The common wisdom was that money market funds were “unrunnable,” because all withdrawals (redemptions) could be met by selling the assets of the fund. The illusion was shattered in September 2008. The pioneering Reserve Fund had large holdings of commercial paper issued by Lehman Brothers; the failure of Lehman triggered redemption requests for more than $20 billion on September 15, but less than half could be honored by selling assets since the markets were frozen. By the end of the next day, more than $40 billion of redemption requests were received. On the seventeenth, redemption requests were surging at all money market funds, but the funds were unable to sell any but their safest and shortest term securities. The commercial paper market froze and with it the capacity of issuers—both financial institutions and industrial companies—to raise the funds needed for day-to-day functioning.

It would be silly to say that the policies adopted in response to this—TARP and the AIG bailout, primarily—were the only possible responses.
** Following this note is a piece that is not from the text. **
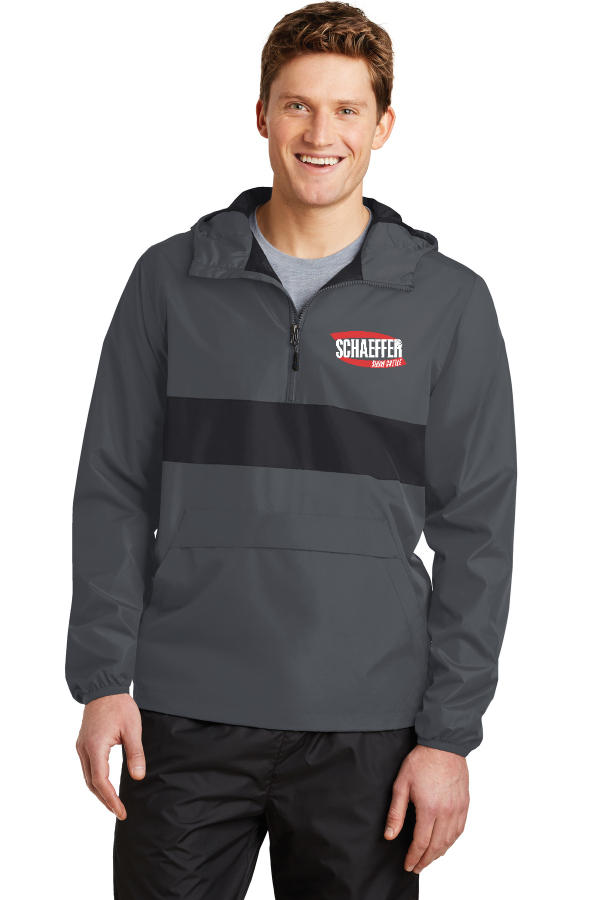 Anorak Pullover Embroidered - Sport-Tek Zipped Pocket Anorak. A zippered pocket keeps valuables accessible and secure in this element-beating anorak. 100% polyester shell 100% polyester mesh body and hood lining 100% polyester woven sleeve lining Tag-free label Three-panel hood with drawcord and toggles Angled chin guard for additional comfort Exposed molded zipper Stretch binding at cuffs Left side seam zipper for easy on/off Two pockets in one: front pocket includes a top zippered pocket to secure valuables Slight drop tail hem Drawcord hem with toggles Product Spec Sheet
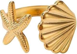 Generic - Beach Design Stainless Steel Open Ring - Gold

But absent some kind of (nominally) costly and unpopular bailout we would have had a costly and unpopular sequence in which people’s “safe” money market accounts were wiped out, to say nothing of perfectly solvent firms being suddenly unable to meet payroll.

And the problem here was quite abstract and general. We had all these accounts that households and firms were treating like super-safe unrunnable deposits when they were, in fact, vulnerable to runs. The specific incident was touched off by Lehman Brothers’ bankruptcy which, in turn, was driven by housing bubble issues but even had that whole episode been avoided the vulnerability was still lurking there.